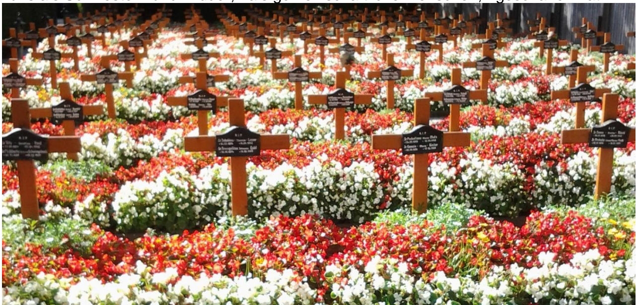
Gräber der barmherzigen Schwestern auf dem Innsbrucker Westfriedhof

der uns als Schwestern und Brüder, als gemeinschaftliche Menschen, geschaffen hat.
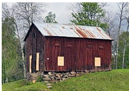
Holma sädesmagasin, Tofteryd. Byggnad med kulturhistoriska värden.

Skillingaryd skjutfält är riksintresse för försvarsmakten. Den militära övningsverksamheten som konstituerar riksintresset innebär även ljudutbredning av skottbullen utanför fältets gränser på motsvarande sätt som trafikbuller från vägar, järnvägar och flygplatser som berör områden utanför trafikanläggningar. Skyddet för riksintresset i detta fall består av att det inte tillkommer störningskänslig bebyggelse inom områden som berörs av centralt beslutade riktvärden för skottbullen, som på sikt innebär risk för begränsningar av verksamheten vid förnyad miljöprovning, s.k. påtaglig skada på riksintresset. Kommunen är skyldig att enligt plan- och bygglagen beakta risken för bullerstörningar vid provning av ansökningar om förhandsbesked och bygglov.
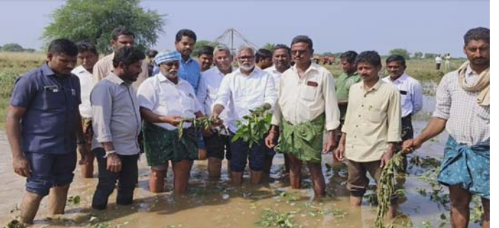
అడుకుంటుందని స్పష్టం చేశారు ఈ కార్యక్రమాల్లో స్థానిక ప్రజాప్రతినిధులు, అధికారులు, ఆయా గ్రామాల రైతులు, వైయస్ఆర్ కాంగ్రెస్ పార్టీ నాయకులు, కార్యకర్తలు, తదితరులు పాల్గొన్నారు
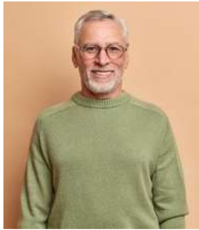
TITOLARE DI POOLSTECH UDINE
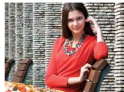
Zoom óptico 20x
● ● ● ● ● ● ●
[Task objective] Transcribe exactly the lines above, beginning at the one with "der uns als" and going up to and including the one with "Holma sädesmagasin, Tofteryd.". Pictures do not belong in the copy.

[Task response]
der uns als Schwestern und Brüder, als gemeinschaftliche Menschen, geschaffen hat.
Holma sädesmagasin, Tofteryd. Byggnad med kulturhistoriska värden.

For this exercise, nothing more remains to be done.